A related practical move is an appendix-disclosure: every assignment ends with a one-paragraph appendix naming what AI was used for and where the student chose not to use it. It takes ten minutes, and builds a culture of acceptance and trust around AI use.

Dawson again: the design-first principle does extra work here. Let's say you assign a homework quiz at the start of the next class and students do the reading at home knowing the in-class check is coming. The incentive is structural, and AI use is inherently discouraged unless it enhances learning.
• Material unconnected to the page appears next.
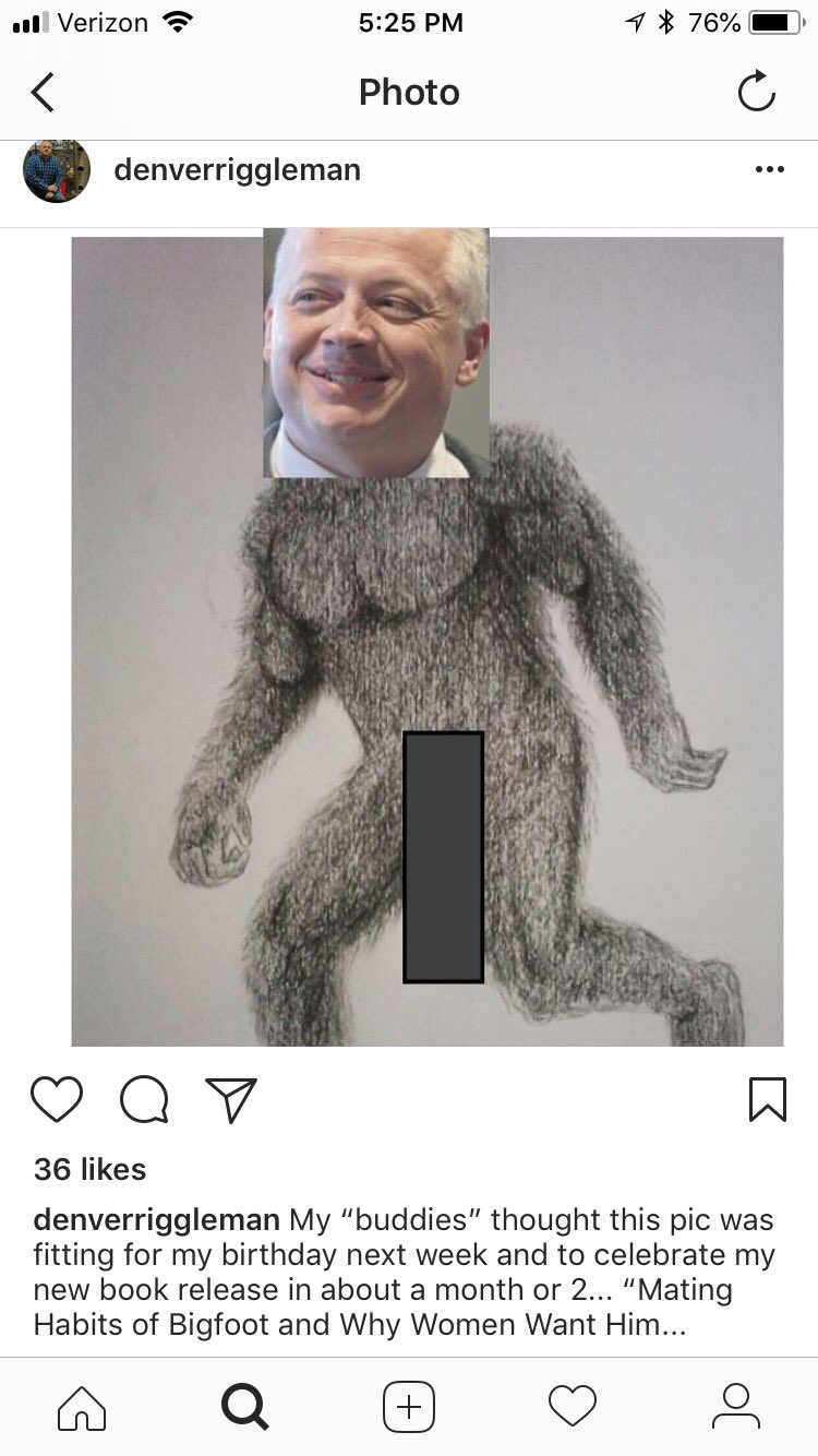 The Bigfoot controversy kicked off Sunday afternoon, when a Tweet from Riggleman’s opponent, Democrat Leslie Cockburn, “exposed” his love for sexy Bigfoot. Cockburn, who, just to make this a little weirder, is Olivia Wilde‘s mother, wrote “This is not what we need on Capitol Hill” under a screenshot of a post from Riggleman’s (now private) Instagram account.

Questions worth asking your department

For each task we assign, what cognitive rep is it producing? Where does the learning happen?
How does AI remove or change the friction that used to produce that rep? What could introduce new friction?
Where in the week is the teacher's irreplaceable role actually deployed — and what gets cut to make room for it?

Closing

I am just beginning to realize how much of this I do not have figured out. The students I see are the students I see. Your class will look different. The directions above are what I am working through, not what I am sure of.

Tell me what you think.

A note on method: this issue was produced through the co-creation workflow I'm advocating. The idea, the angle, the practitioner observations, the curated sources, and the final wording are mine. An AI assistant calibrated to my voice (through a guide of phrases I've approved and rejected) did the research legwork on sources I selected and drafted from an outline we agreed on.

References

Curtis, G. J. The two-lane road to hell is paved with good intentions. Higher Education Research & Development. 2025.
Perkins, M., Roe, J., & Furze, L. The AI Assessment Scale Revisited: A Framework for Educational Assessment. arXiv preprint. 2024.
Sidoti, O., Park, E., & Gottfried, J. About a quarter of U.S. teens have used ChatGPT for schoolwork — double the share in 2023. Pew Research Center. 2025.
Dawson, P., Bearman, M., Dollinger, M., & Boud, D. Validity matters more than cheating. Assessment & Evaluation in Higher Education, 49(7), 1005–1016. 2024.
Liu, D., & Bridgeman, A. Frequently asked questions about the two-lane approach to assessment in the age of AI. Teaching@Sydney, University of Sydney. 2024.
Cambridge Assessment International Education. The use of generative AI in coursework. Cambridge Exams Officers' Guide, Phase 3. n.d.
Eaton, S. E. 6 Tenets of Postplagiarism: Writing in the Age of Artificial Intelligence. Learning, Teaching and Leadership. 2023.